Does this mean that everything is now on the right track? Could the closed loop for most metals be expected to become reality soon? How well does this all fit to the recycling of technology metals?

The success by which metals will finally be recovered from EoL products depends on a set of main impact parameters as well as on the setup of recycling chains as a whole. No single universal recycling process exists.

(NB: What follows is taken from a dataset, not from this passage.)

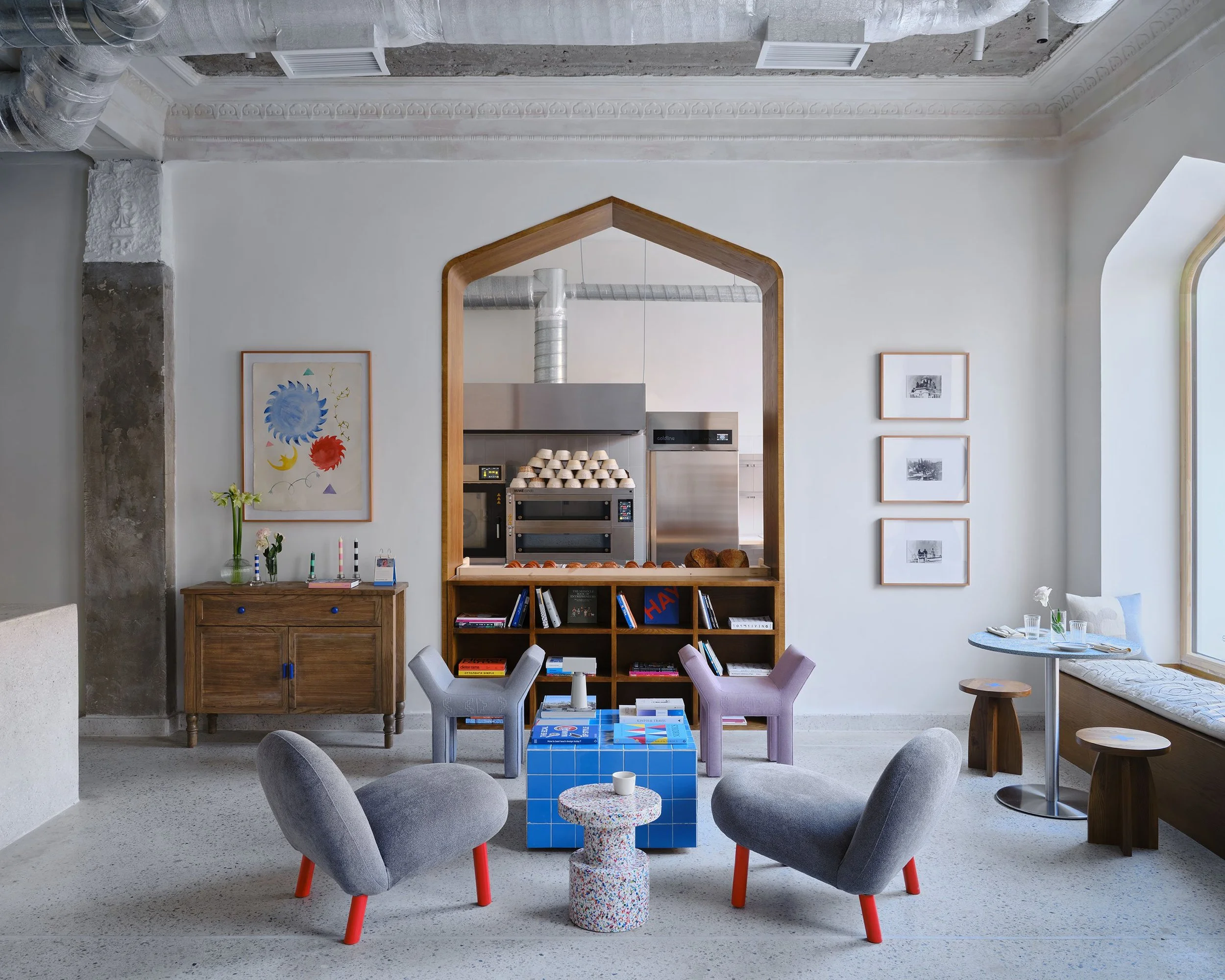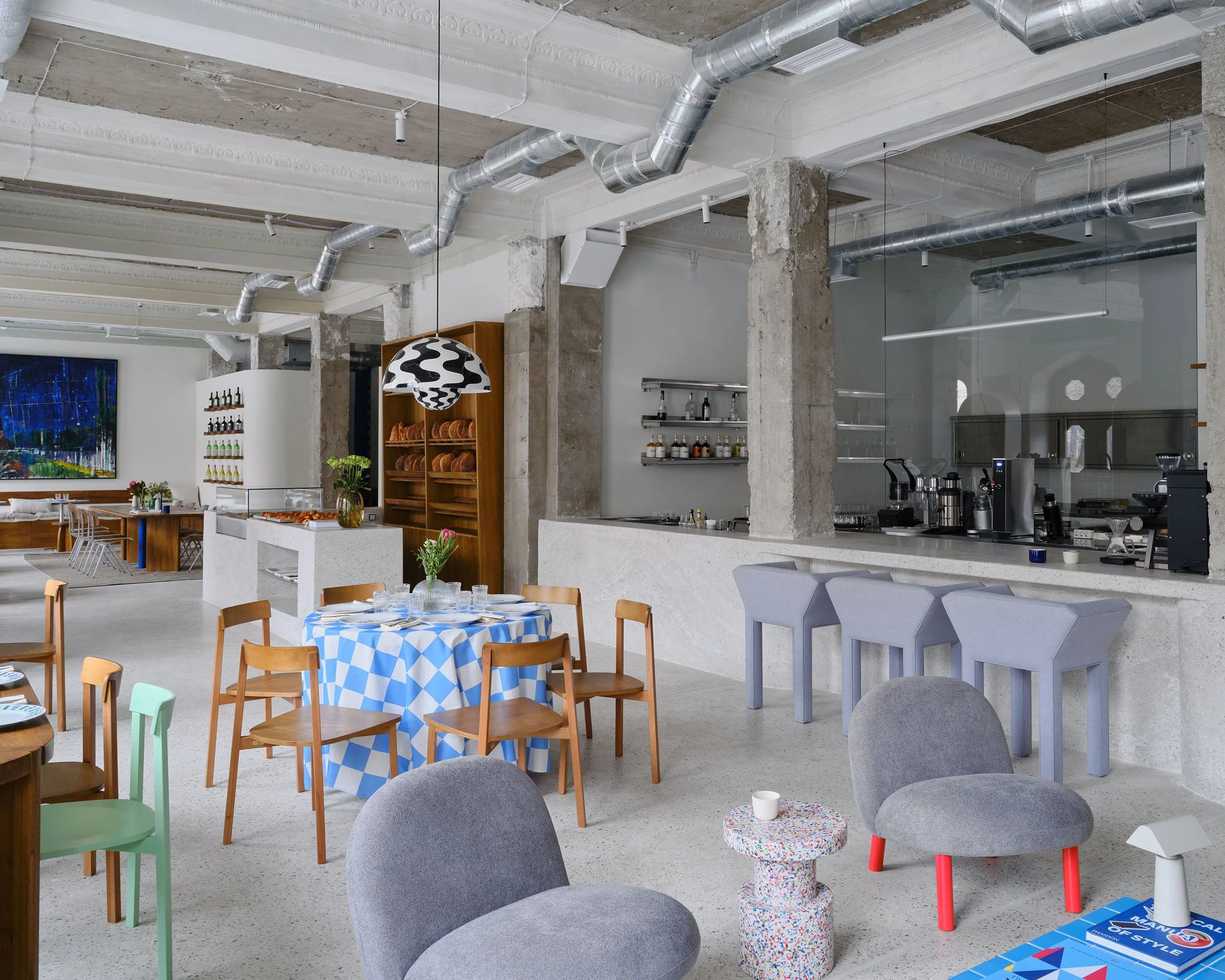 Dubbed FIKA, in homage to Swedish coffee culture, the restaurant's interior exudes Scandinavian chic while retaining its Soviet roots. Sunlight floods through expansive windows, illuminating bespoke furniture and playful design elements. Restored angular windows and terrazzo flooring seamlessly blur the boundaries between indoors and out, inviting patrons to linger and savor the ambiance.

Depending on the products and materials involved, various logistical and technological combinations are required, and many different stakeholders are involved. The main steps in the recycling chain are collection, dismantling/preprocessing, and final metals recovering. Success factors are interface optimization between the single recycling steps, specialization on specific materials, and utilization of economies of scale. The key impact parameters comprise technology and economics, societal or legislative factors, as well the life cycle structure of a product (Hageluken 2007).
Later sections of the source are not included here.